> Requirement
The listing below begins with the first line you should copy; stop after the line containing "demo.py | 只在dist文件夹中生成一个程序demo.exe文件,适用于一个模块没有多依赖.py文件 |", and drop every picture.

> Data provided
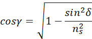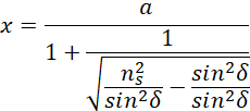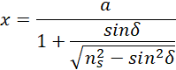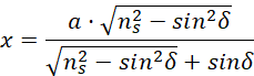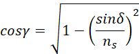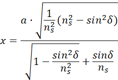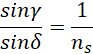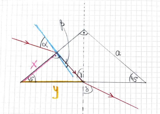 Następnie narysuj odpowiedni rysunek, który uwzględnia prawidłowe założenia. Dalej, korzystając z prawa Snella oraz sinusa kąta padania na dłuższą przeciwprostokątną, wyprowadź następującą zależność:
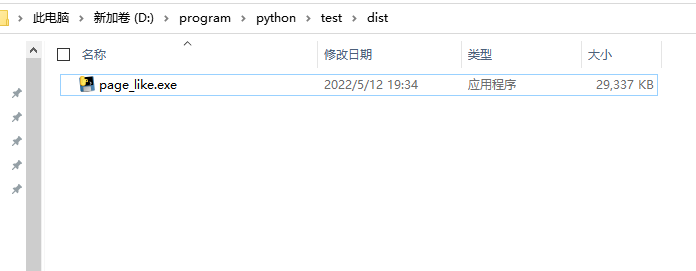 | -F | pyinstaller -F demo.py | 只在dist文件夹中生成一个程序demo.exe文件,适用于一个模块没有多依赖.py文件 |
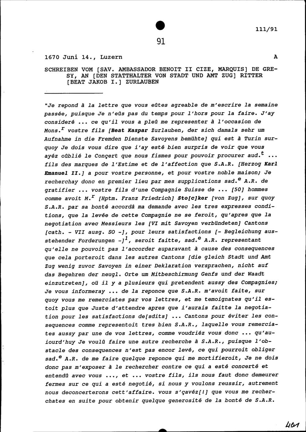 Schreiben von Benoît II. Cize, Marquis de Grésy, Ambassador von Savoyen, an Beat Jakob I. Zurlauben, Statthalter von Stadt und Amt Zug
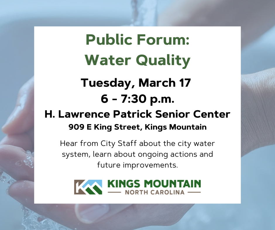 The City of Kings Mountain invites you to attend a Public Forum on Tuesday, March 17, 2026, from 6 p.m. to 7:30 p.m., to discuss important updates regarding our community’s water quality.

> Task response
 Następnie narysuj odpowiedni rysunek, który uwzględnia prawidłowe założenia. Dalej, korzystając z prawa Snella oraz sinusa kąta padania na dłuższą przeciwprostokątną, wyprowadź następującą zależność:
 | -F | pyinstaller -F demo.py | 只在dist文件夹中生成一个程序demo.exe文件,适用于一个模块没有多依赖.py文件 |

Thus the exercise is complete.